* WORK TASK
In the material below, please retype the lines from the very first through the one with "This coaster features", exactly and without pictures.

* MATERIAL PROVIDED
##############################
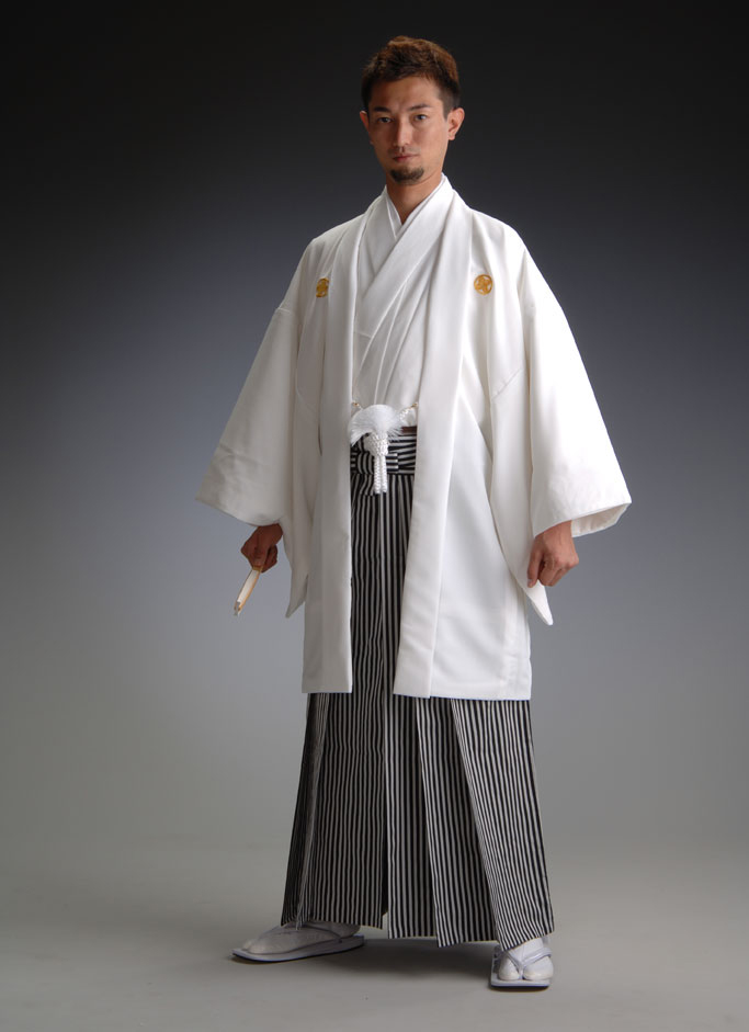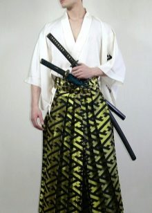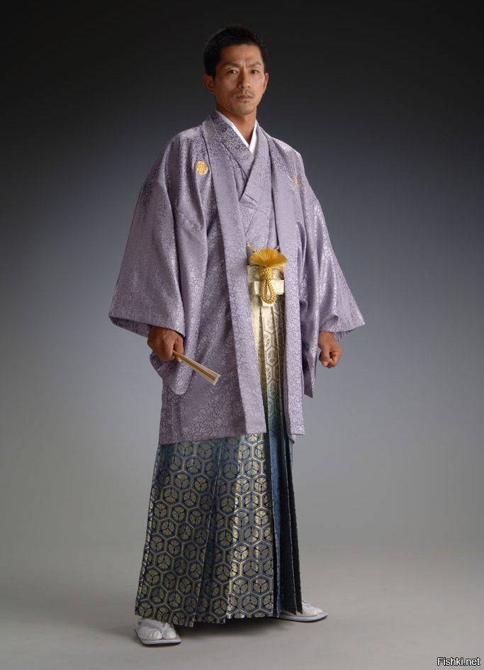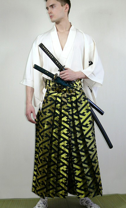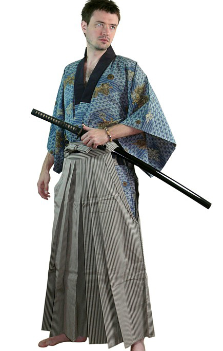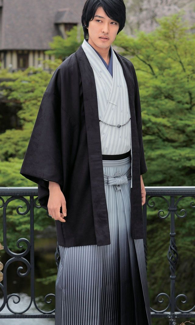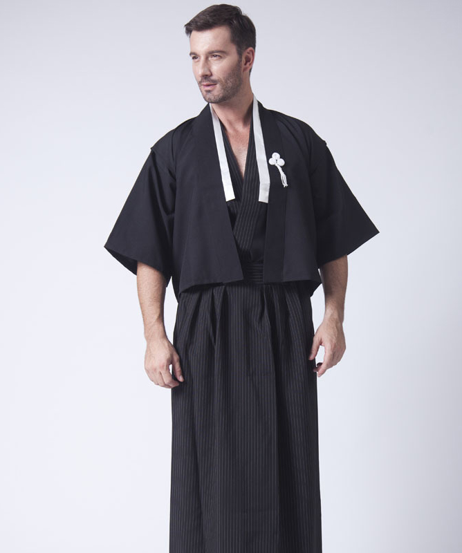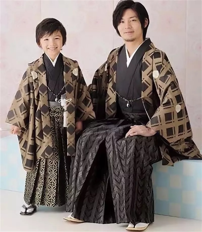 Erkekler hakama ile kombine edilmiş kimono giyerler. - Kıvrımlı ve etek görünümünde geniş pantolonlardır. Bugün esas olarak daha önce samuraylar tarafından giyilen dövüş sanatlarında kullanılıyorlar. Hakama'nın uzunluğu belden ayak bileklerine kadar uzanır ve kısaltılmış versiyonları da vardır. Eski zamanlarda sadece saray mensupları, askerler ve din adamları bu giysiyi giyme hakkına sahipti. Hakama bir kimono üzerine giyilir ve geleneksel kıyafet, duruşu iyileştirmek için bir bel yastığı ile tamamlanır.
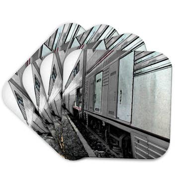 This coaster features our Chicago El Train design. Multi-functional little art pieces make great gifts, and are a great size (and price) for buyers. This design is perfect for Chicagoans and tourists alike. * Powder blue glass, printed in black and red glass enamels * 4" square, with rubber bumpons on bottom * Dishwasher safe * Handmade in the USA Coasters are screen printed, fused glass. Glass is cut, and screen printed by hand with fine glass enamels, then fused overnight to 1415 degrees in a kiln. Each piece is made by artist Laurie Freivogel in her Oak Park studio. This design is part of a series and has other matching housewares!
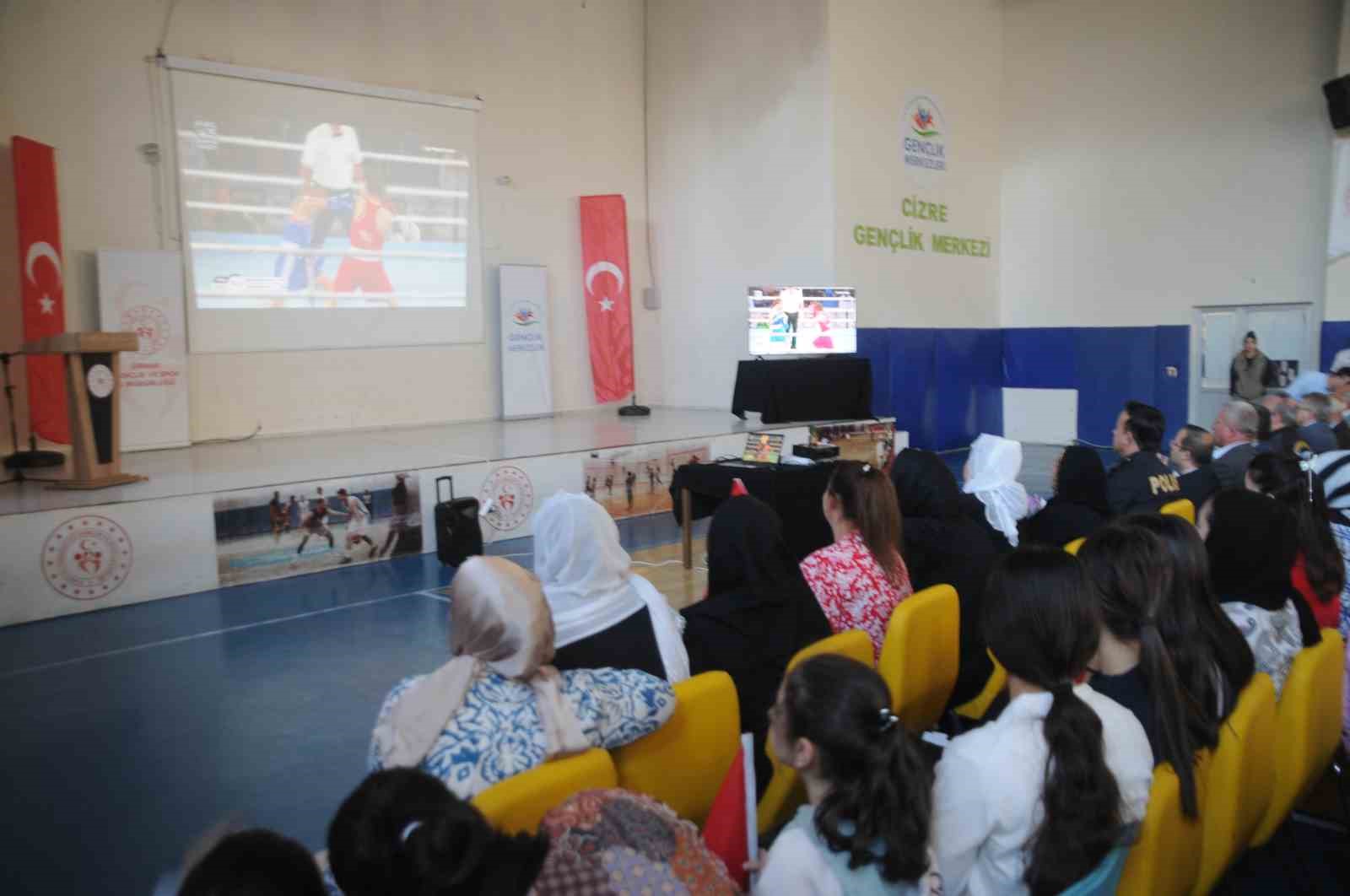 Cizre’de yaşan milli boksör Nurselen Yalgettekin’in, Bulgaristan’ın Sofya kentinde oynadığı Avrupa Boks Şampiyonası final müsabakası Cizre Gençlik Merkezi’nde kurulan dev ekrandan izlendi.
##############################
* ANSWER SECTION
 Erkekler hakama ile kombine edilmiş kimono giyerler. - Kıvrımlı ve etek görünümünde geniş pantolonlardır. Bugün esas olarak daha önce samuraylar tarafından giyilen dövüş sanatlarında kullanılıyorlar. Hakama'nın uzunluğu belden ayak bileklerine kadar uzanır ve kısaltılmış versiyonları da vardır. Eski zamanlarda sadece saray mensupları, askerler ve din adamları bu giysiyi giyme hakkına sahipti. Hakama bir kimono üzerine giyilir ve geleneksel kıyafet, duruşu iyileştirmek için bir bel yastığı ile tamamlanır.
 This coaster features our Chicago El Train design. Multi-functional little art pieces make great gifts, and are a great size (and price) for buyers. This design is perfect for Chicagoans and tourists alike. * Powder blue glass, printed in black and red glass enamels * 4" square, with rubber bumpons on bottom * Dishwasher safe * Handmade in the USA Coasters are screen printed, fused glass. Glass is cut, and screen printed by hand with fine glass enamels, then fused overnight to 1415 degrees in a kiln. Each piece is made by artist Laurie Freivogel in her Oak Park studio. This design is part of a series and has other matching housewares!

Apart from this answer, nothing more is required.